Endoscopic ultrasound-guided fine needle aspiration with a 22-gauge needle may be useful for histopathologic diagnosis of autoimmune pancreatitis, according to results from a prospective study.

EUS-FNA is not included in the 2011 International Consensus Diagnostic Criteria “as a method for histopathologic diagnosis of [autoimmune pancreatitis] because of the difficulty in obtaining adequate specimens for histopathologic analysis,” researchers wrote. “However, several reports have suggested that EUS-FNA is useful for the diagnosis of AIP.”

Therefore, to determine the utility of EUS-FNA using a 22-gauge needle for diagnosing AIP, investigators performed a prospective study of 78 patients with suspected AIP who underwent the procedure at 12 tertiary care referral centers in Japan between February 2013 and March 2014. EUS-FNA was performed using an Expect 22-gauge needle (Boston Scientific).

The investigators collected tissue specimens and a blinded pathologist evaluated them for sampling conditions, CD38- and IgG4-positive plasma cell counts, storiform fibrosis and obliterative phlebitis.

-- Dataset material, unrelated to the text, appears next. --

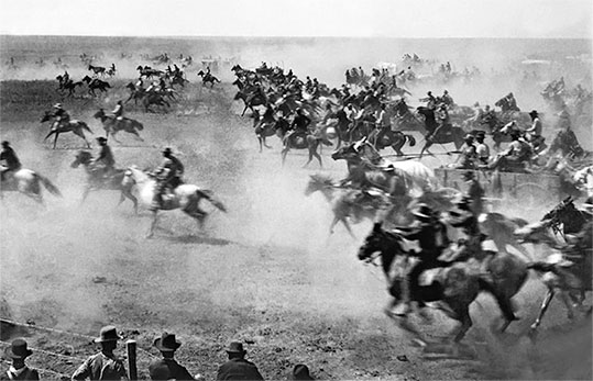 в период 1811–1840 гг. Не все участки были проходимы для фургонов, но постепенно дорога была улучшена, и караваны беспрепятственно могли передвигаться по ней. Первый караван до Орегона проследовал в 1843 г., а уже всего спустя 3 года до долины Вилламет. Основными пунктами, откуда начинался путь, были порты на р. Миссури: Канзас-Сити, Индепенденс и Сент-Джозеф. Далее путь пролегал через Великие Равнины, различные его ответвления сливались воедино в низовьях р. Платт около форта Фил-Кирни, затем вел через Скалистые горы к Тихоокеанскому побережью. Путешествие занимало несколько месяцев. В 1869 г., с завершением строительства трансконтинентальной железной дороги, Орегонская тропа потеряла свою значимость, хотя некоторые переселенцы еще следовали по этому пути на фургонах до 1890-х гг. Путешествие по железной дороге занимало неделю и стоило всего 65 долл.Оседжей, резервация Osage Indian Reservation

Sixty-two patients had tissue samples with at least one high-power field, with a mean IgG4-positive plasma cell count of 5.1/HPF, a mean CD38-positive plasma cell count of 23.2/HPF, a 62.8% rate of storiform fibrosis and a 48.7% rate of obliterative phlebitis.

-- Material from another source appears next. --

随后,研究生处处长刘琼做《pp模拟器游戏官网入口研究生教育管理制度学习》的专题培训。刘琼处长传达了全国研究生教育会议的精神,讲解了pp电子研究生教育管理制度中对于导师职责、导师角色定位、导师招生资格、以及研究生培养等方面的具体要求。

Ultimately, 45 of the patients had features that indicated a diagnosis of AIP, and thus 58% of the total cohort could be diagnosed with lymphoplasmacytic sclerosing pancreatitis per ICDC guidelines. No adverse events occurred during or after the procedure.

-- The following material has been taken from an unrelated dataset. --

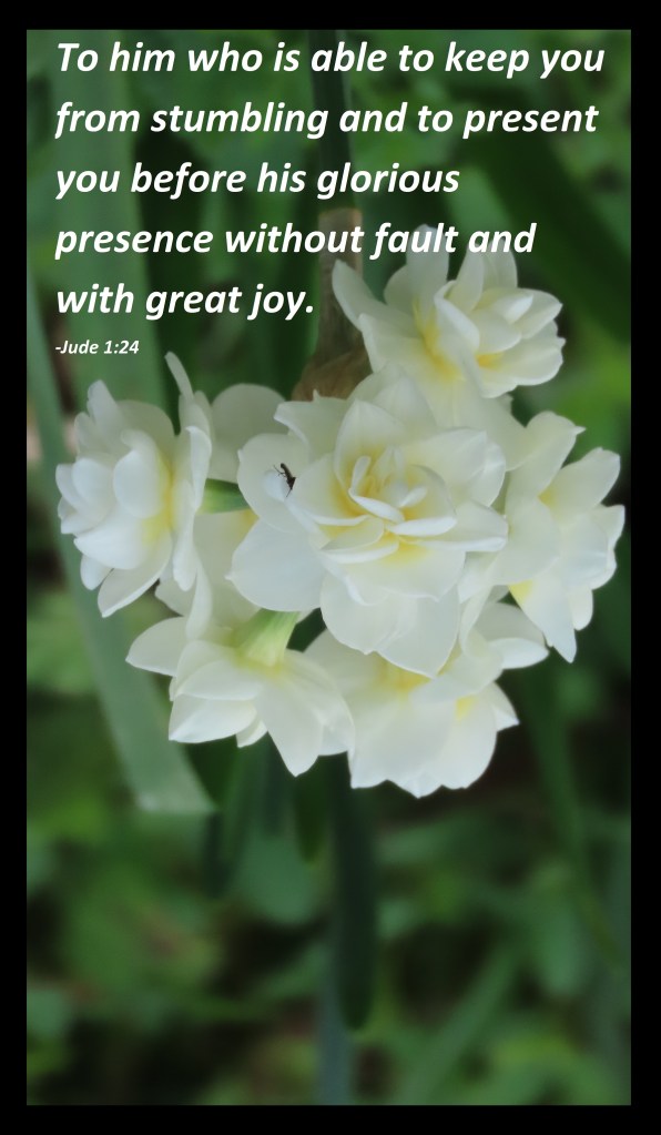 To him who is able to keep you from stumbling and to present you before his glorious presence without fault and with great joy.

“In agreement with our previous study, pancreatic tissues with at least 1 HPF were obtained from approximately 80% of patients by EUS-FNA with a 22[-gauge] needle,” the researchers concluded. “Nearly 60% of patients were diagnosed with ICDC level 2 or higher, supporting the notion that EUS-FNA with a 22[-gauge] needle is useful for the histopathologic diagnosis of AIP.” – by Adam Leitenberger

Disclosures: The researchers report no relevant financial disclosures.